- **Required action**
As the answer, set down the lines below from the one containing "함께 공개한 사진 속에는" through the one containing "Satellitenaufnahme über Europa", exactly and inclusively, and no others.

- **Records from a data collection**
-- Opening Marker --

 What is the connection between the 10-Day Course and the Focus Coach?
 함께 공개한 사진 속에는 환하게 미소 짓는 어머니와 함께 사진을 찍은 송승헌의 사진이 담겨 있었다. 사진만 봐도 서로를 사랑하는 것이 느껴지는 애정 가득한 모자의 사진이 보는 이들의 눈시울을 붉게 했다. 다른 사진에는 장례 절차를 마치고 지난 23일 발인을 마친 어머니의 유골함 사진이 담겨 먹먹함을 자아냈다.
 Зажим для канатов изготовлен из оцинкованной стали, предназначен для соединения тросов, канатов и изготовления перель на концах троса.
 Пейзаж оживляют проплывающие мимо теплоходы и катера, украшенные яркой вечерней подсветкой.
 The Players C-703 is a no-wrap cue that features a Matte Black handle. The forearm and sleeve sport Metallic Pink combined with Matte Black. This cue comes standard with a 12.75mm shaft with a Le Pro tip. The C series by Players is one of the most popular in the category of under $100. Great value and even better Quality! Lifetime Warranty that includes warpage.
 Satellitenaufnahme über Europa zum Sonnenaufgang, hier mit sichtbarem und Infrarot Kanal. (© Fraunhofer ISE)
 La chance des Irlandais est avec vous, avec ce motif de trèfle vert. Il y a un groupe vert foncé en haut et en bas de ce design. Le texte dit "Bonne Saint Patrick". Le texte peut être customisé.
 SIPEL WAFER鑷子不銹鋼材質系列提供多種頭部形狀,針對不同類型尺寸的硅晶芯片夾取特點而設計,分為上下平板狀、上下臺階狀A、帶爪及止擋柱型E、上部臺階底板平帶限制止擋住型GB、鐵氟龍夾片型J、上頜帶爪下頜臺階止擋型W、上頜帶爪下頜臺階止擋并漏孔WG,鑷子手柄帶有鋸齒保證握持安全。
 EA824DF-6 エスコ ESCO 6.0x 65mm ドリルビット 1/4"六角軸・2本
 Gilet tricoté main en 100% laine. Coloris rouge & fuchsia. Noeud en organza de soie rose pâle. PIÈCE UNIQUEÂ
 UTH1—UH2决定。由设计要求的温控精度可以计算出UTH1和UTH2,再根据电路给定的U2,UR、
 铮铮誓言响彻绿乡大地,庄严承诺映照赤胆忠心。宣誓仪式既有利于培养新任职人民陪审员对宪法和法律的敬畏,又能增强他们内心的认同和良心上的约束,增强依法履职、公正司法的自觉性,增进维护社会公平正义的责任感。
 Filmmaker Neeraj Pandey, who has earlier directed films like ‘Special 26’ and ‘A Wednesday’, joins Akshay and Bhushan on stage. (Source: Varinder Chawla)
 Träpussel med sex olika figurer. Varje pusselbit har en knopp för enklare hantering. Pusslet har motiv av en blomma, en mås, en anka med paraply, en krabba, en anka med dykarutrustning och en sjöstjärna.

-- Closing Marker --

- **Solution below**
 함께 공개한 사진 속에는 환하게 미소 짓는 어머니와 함께 사진을 찍은 송승헌의 사진이 담겨 있었다. 사진만 봐도 서로를 사랑하는 것이 느껴지는 애정 가득한 모자의 사진이 보는 이들의 눈시울을 붉게 했다. 다른 사진에는 장례 절차를 마치고 지난 23일 발인을 마친 어머니의 유골함 사진이 담겨 먹먹함을 자아냈다.
 Зажим для канатов изготовлен из оцинкованной стали, предназначен для соединения тросов, канатов и изготовления перель на концах троса.
 Пейзаж оживляют проплывающие мимо теплоходы и катера, украшенные яркой вечерней подсветкой.
 The Players C-703 is a no-wrap cue that features a Matte Black handle. The forearm and sleeve sport Metallic Pink combined with Matte Black. This cue comes standard with a 12.75mm shaft with a Le Pro tip. The C series by Players is one of the most popular in the category of under $100. Great value and even better Quality! Lifetime Warranty that includes warpage.
 Satellitenaufnahme über Europa zum Sonnenaufgang, hier mit sichtbarem und Infrarot Kanal. (© Fraunhofer ISE)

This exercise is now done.